Climate warming is expected to positively alter upward and poleward treelines which are controlled by low temperature and a short growing season. Despite the importance of treelines as a bioassay of climate change, a global field assessment and posterior forecasting of tree growth at annual scales is lacking. Using annually resolved tree-ring data located across Eurasia and the Americas, we quantified and modeled the relationship between temperature and radial growth at treeline during the 20th century. We then tested whether this temperature–growth association will remain stable during the 21st century using a forward model under two climate scenarios (RCP 4.5 and 8.5). During the 20th century, growth enhancements were common in most sites, and temperature and growth showed positive trends. Interestingly, the relationship between temperature and growth trends was contingent on tree age suggesting biogeographic patterns in treeline growth are contingent on local factors besides climate warming. Simulations forecast temperature–growth decoupling during the 21st century. The growing season at treeline is projected to lengthen and growth rates would increase and become less dependent on temperature rise. These forecasts illustrate how growth may decouple from climate warming in cold regions and near the margins of tree existence.
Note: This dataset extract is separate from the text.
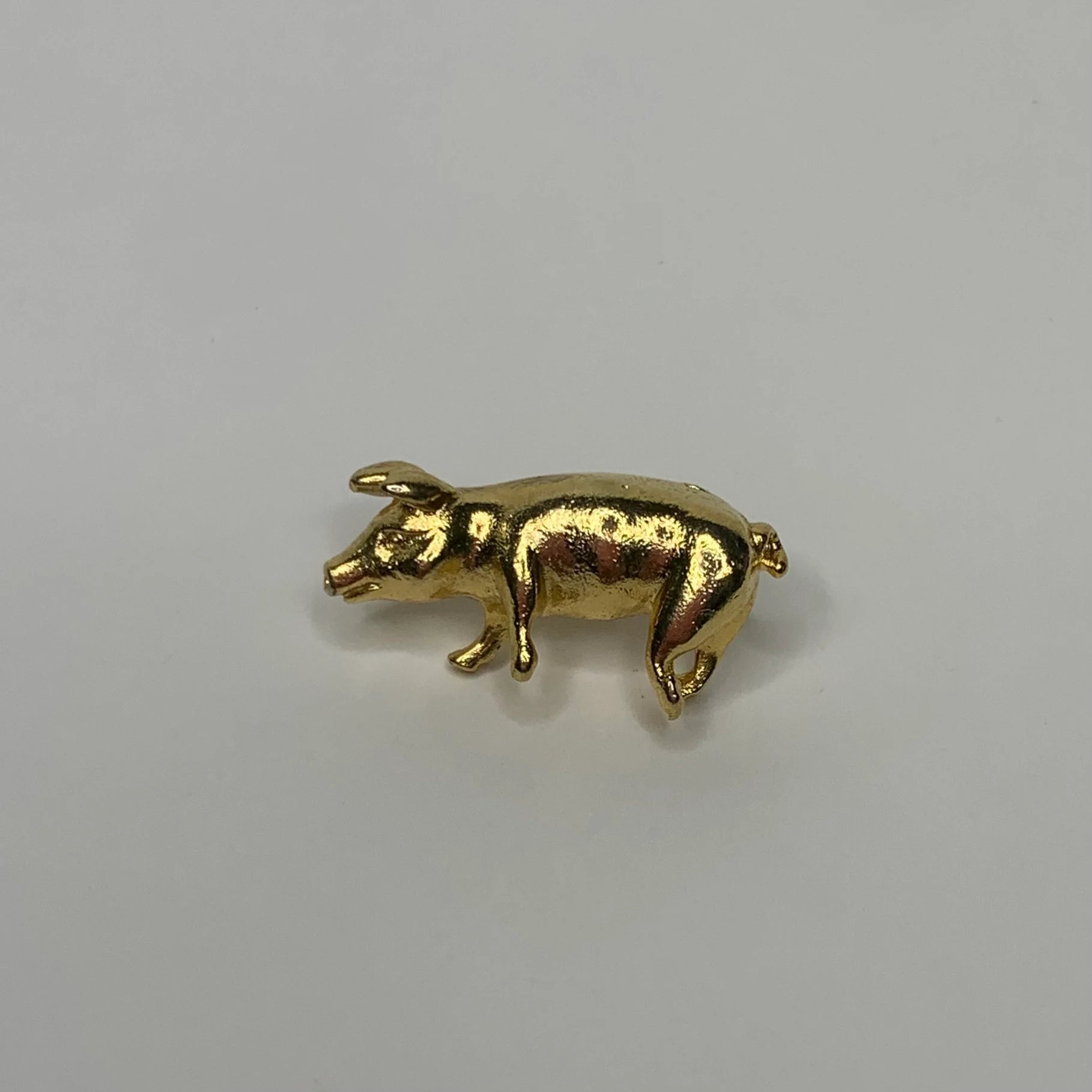 This little pig lapel pin makes a great gift for the pig collectors in your life. The details of the little pig give it a luxurious look and feel. This small pig pin is in excellent condition with no visible bruises, scratches, dents, or marks. He would be the perfect gift to purchase for the wife of a gentleman farmer.

Such projected temperature–growth decoupling could impact ecosystem processes in mountain and polar biomes, with feedbacks on climate warming.

Plain Language Summary

(Objective) Do a large scale data and simulation analysis of how climate warming will affect tree growth at treelines around the world. (What did researchers do) Using tree-ring data from trees in Eurasia and the Americas, we looked at tree-climate relationships during the 20th century. We then tested whether this temperature-growth association will remain stable during 21st-century using a process-based model under two climate scenarios (RCP 4.5 and 8.5). (Key Findings) During the 20th century, temperature and growth were related to each other. However, simulations of the future showed that these become less related to one another, likely because moisture becomes limiting. This means that forecasts of tree growth in cold regions and near the margins of tree existence will be incorrect if they think temperature stays the driver of growth. This will have impacts on other ecosystem processes, with feedbacks on climate warming. (Scientific Impact) Many efforts are made in CFS and around the world to forecast tree growth under climate change. This study shows that it is likely inappropriate to assume that the current temperature driver of growth in the far Northern and high Mountain regions will show inappropriately good growth.